I have read and heard the phrase “love your enemies” so often over the years that it has become a kind of cliché to me – just another platitude that sounds nice but has no true effect on the way I live my day-to-day life.
For starters, the term “enemy” is difficult to grapple with. I am generally a nice person. I smile at strangers, hold open doors, pick up my dog’s poop, refrain from honking in traffic (mostly). I don’t see myself as a person with enemies.
So, does Jesus’ command really even apply to me?
A few months ago, my husband and I drove up to Ohio State University to watch my sister-in-law graduate from her PhD program. The morning of commencement was cool and cloudy; the OSU stadium (a.k.a. “The Horseshoe”) hummed with the excited voices of a record-breaking 12,213 graduates and their families and friends.
The commencement speaker was Fareed Zakaria, an author and journalist for CNN and the Washington Post. In his speech, Zakaria challenged the graduates – and all of us watching – to consider an important question:
“What can we [as a nation] do to come together?”
He described an alarming truth about America today: We are a country that has become increasingly tribal. Without always consciously realizing it, we tend to surround ourselves with people who look like us, live like us, think like us, believe what we believe, vote like we vote.

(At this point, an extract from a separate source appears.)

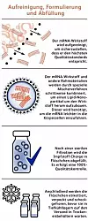Nach der Vermehrung der Bakterien werden die Zellen zerstört. Es bleibt eine „Bakteriensuppe“ im „Kochtopf“: ein Gemisch aus Zellresten und Plasmid-DNA, das in diversen Reinigungsschritten getrennt wird. Die Plasmid-DNA dient nun als Vorlage für die mRNA. Vorbereitet wird die Herstellung, indem die DNA-Doppelhelix entrollt und zum Einzelstrang geöffnet wird. Letzterer stellt dann mit Hilfe des Enzyms RNA-Polymerase die mRNA her.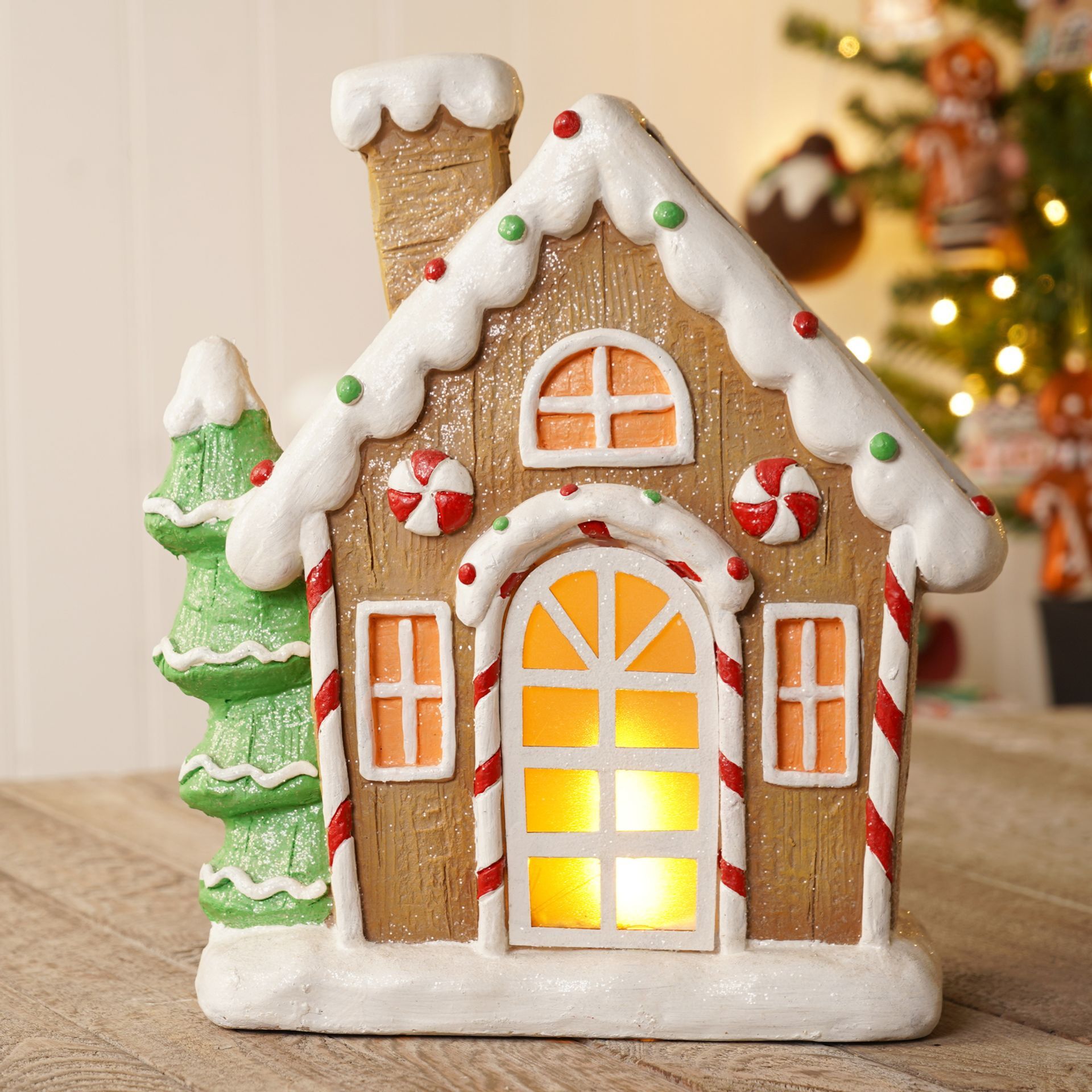 This wooden gingerbread house features a snowy roof, colourful candy decorations, and a gentle LED glow shining through its windows, creating a welcoming scene.

There is a reason we humans stick to our tribes: They are comfortable. When we surround ourselves with people who are like us, we don’t have to question our views or ideas (which is nearly always an uncomfortable experience). Our tribes are safe and stable places to live. The problem with tribalism, of course, is that over time we lose the ability to listen and to empathize with those who do not “belong.” Instead, we judge and condemn and dehumanize people who we consider to be “other.”
I am so guilty of this.
I may not have enemies who I interact with in my day-to-day life, but I have certainly harbored hatred for people whose political and ideological beliefs differ from my own. In fact, I fume almost every time I listen to the news or scroll through the comments sections on politically-charged Facebook posts.

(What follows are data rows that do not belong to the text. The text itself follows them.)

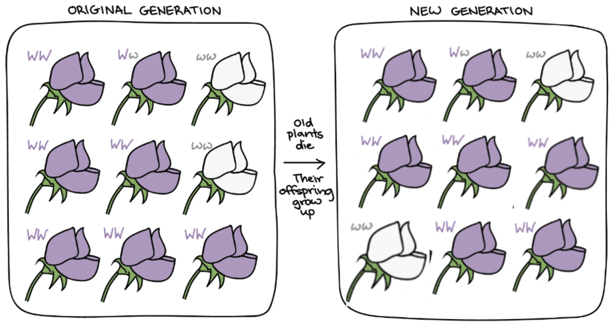 This follows an introduction to conditions of Hardy-Weinberg. Students should be familiar with Punnett squares and the variables of HWE before beginning. They do not need to have seen the formula yet.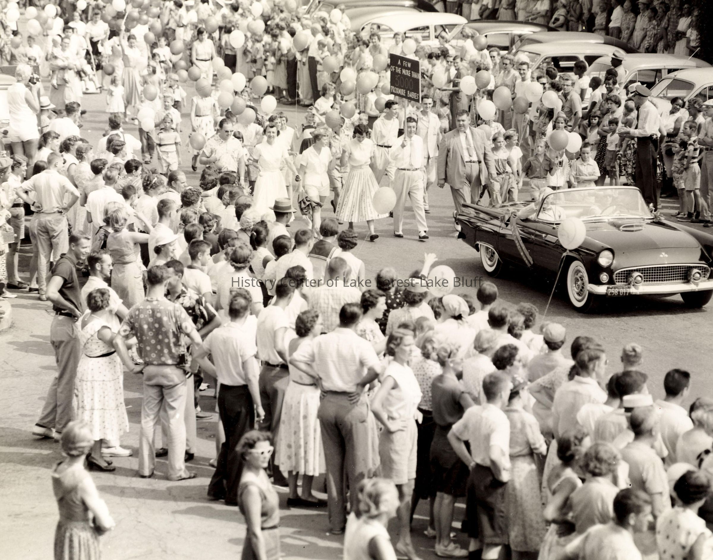 Lake Forest Day Parade honoring Dr. Proxmire "A Few of the more than 3,000 Proxmire Babies" march in parade. Grace McGill in car.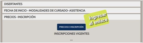 Para consultar por precios - beneficios - inscripción: en la pestaña cursados, dispone una pestaña de PRECIOS - INSCRIPCIÓN (deberá hacer click allí)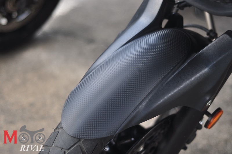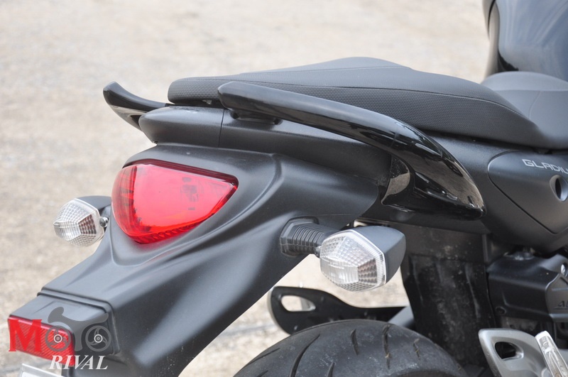 ทางด้านท้ายไฟท้ายที่มีรูปทรงใกล้เคียงกับ Gladius แต่จะมีความเหลี่ยมมากกว่า ไฟเลี้ยวกรอบสีส้มทรงลูกศร ขณะที่กระจกมองข้างรูปทรงเหลี่ยมเชย แต่ทว่ามันได้ออกแบบมาเพื่อเน้นการใช้งานโดยแท้จริง มองเห็นมุมภาพที่ชัดเจน ไม่ได้เพียงแต่เน้นดีไซน์กระจกที่สวยงามแต่ มุมมองกระจกนั้นช่างแคบเหลือเกิน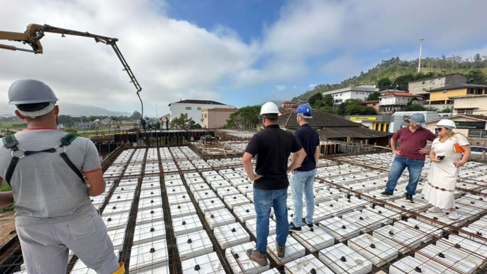 De acordo com a equipe técnica, a concretagem foi concluída dentro do cronograma previsto e contou com o trabalho integrado de engenheiros, arquiteta, operários e servidores. A obra já alcança pouco mais de 36% de execução e segue em ritmo acelerado.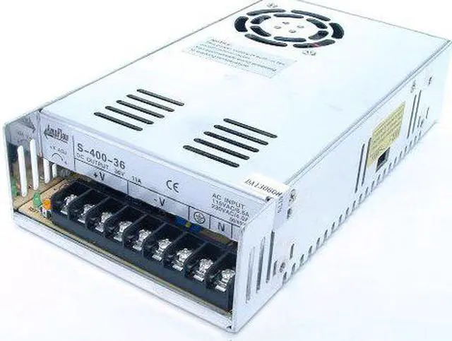 Connect this unit to 110 or 220 Volts AC household power, and it will supply 400 Watts at 36 Volts DC and 11 Amps. This power supply has been engineered specifically for use with DC motors. Most power supplies designed for use with LED lighting or other electronics will simply shut down when exposed to the high current demands of motors. Built-in current limiting protects the unit from overloads and short circuits. The current limiting feature enables these power supplies to keep functioning through the high-current start-up surges from motors. AmpFlow power supplies will just limit the current to the rated maximum even when a larger load is called for, (like when a DC motor starts up). Also, inductive loads (like motors) can cause damage to power supplies that are not designed for them. These power supplies also work well in any application where AC line voltage needs to be converted to DC voltage. Other uses include LED lighting, HAM radio, battery charging, and replacing plug-in AC adapters when more power is required. Short-circuit and overload protections help these units survive harsh operating conditions. The power supply shuts down temporarily if the temperature, current, or voltage goes beyond the safe operating range, and it starts up again automatically when the condition goes away no rebooting is necessary. This high-efficiency power supply has an output voltage that is adjustable by plus or minus 10%. It includes an EMI filter to minimize interference with radio signals and a soft-start circuit that reduces the AC inrush current peaks. Every power supply goes through a full-load burn-in test, so no defective unit leaves the factory. This unit meets all the following safety and EMC standards: UL 1950, EN60950, EN55022, IEC100-3-2, CE, ROHS AmpFlow® power supplies are available in 5V, 12V, 24V, 36V, and 48 Volts at up to 1000 Watts. Search for "AmpFlow power supply" for more choices.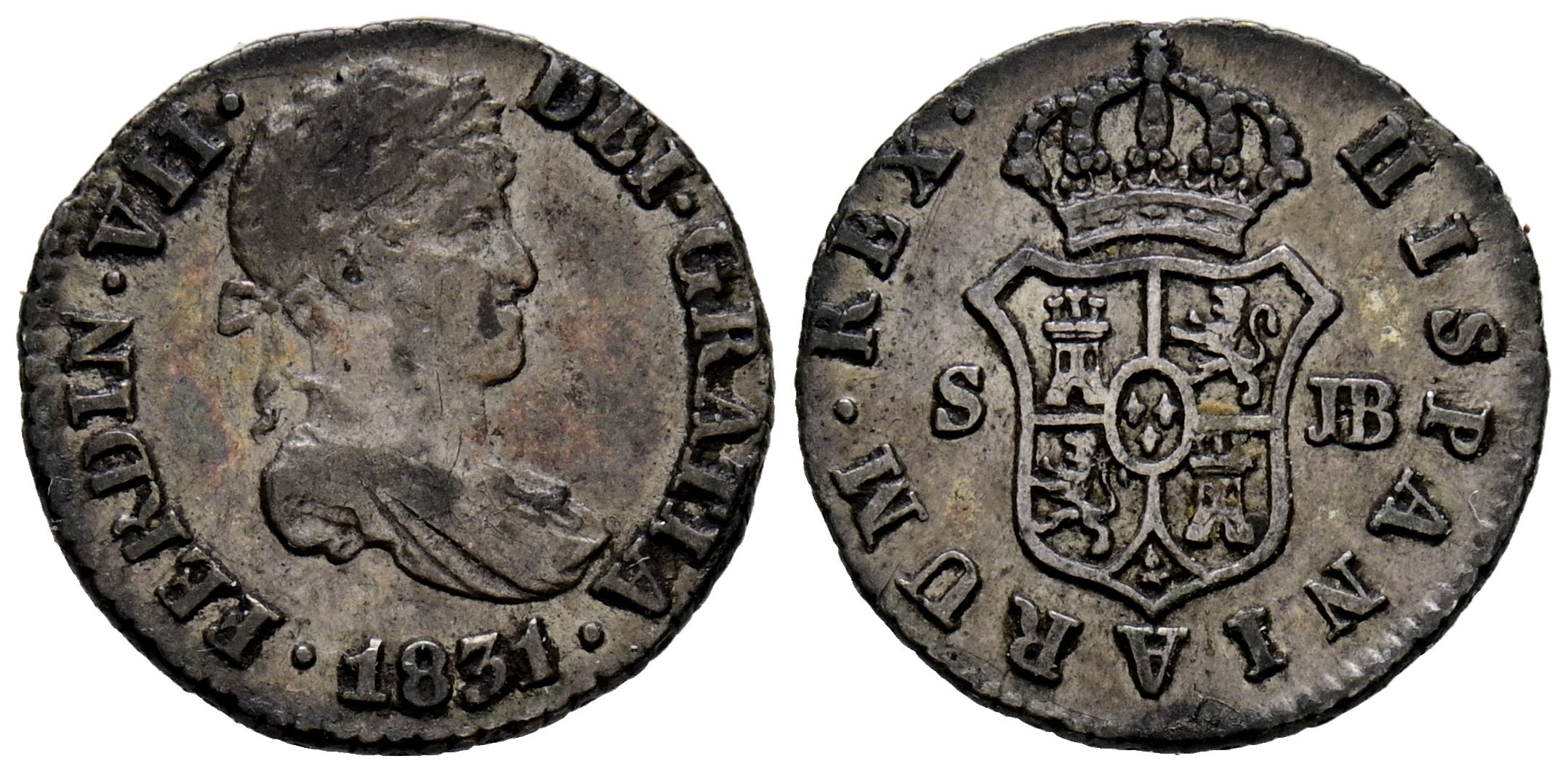 FERNANDO VII (1808-1833). 1/2 Real. (Ar. 1,46g/15mm). 1831. Sevilla JB. (Cal-2019-465). MBC+. Bonita pátina.

Anybody else? I know I’m not alone in this. None of us are immune.
This same kind of dehumanizing tribalism was happening in Jesus’ time when he preached his famous Sermon on the Mount: “You have heard that it was said, ‘you shall love your neighbor and hate your enemy’”(Matt. 5:43). Yes – this is still what our culture tells us today: love your tribe and hate those with whom you disagree.
“But I say to you, love your enemies and pray for those who persecute you” (Matt. 5:44).
The Greek form of “love” used in this verse is philea love – the kind of affectionate “brotherly love” typically reserved for family members and best friends. Philea love requires familiarity, a sense of equality, and genuine friendship.
In other words, Jesus’ command in this verse is not an empty platitude that vaguely means we ought to be kind or polite, but a deeply radical, countercultural, and counterintuitive charge to be in relationship with people who look, think, live, vote, and believe differently than we do. He is calling us to love those who, to us, seem most unlovable.
Jesus’ words are the answer to Zakaria’s question. What can I, Johanna Lange, do to help heal our divided nation? Well, I can start by seeking out ways to be in loving relationship with people whose beliefs differ from my own.
Doing this will never feel comfortable, but Jesus’ commands rarely are.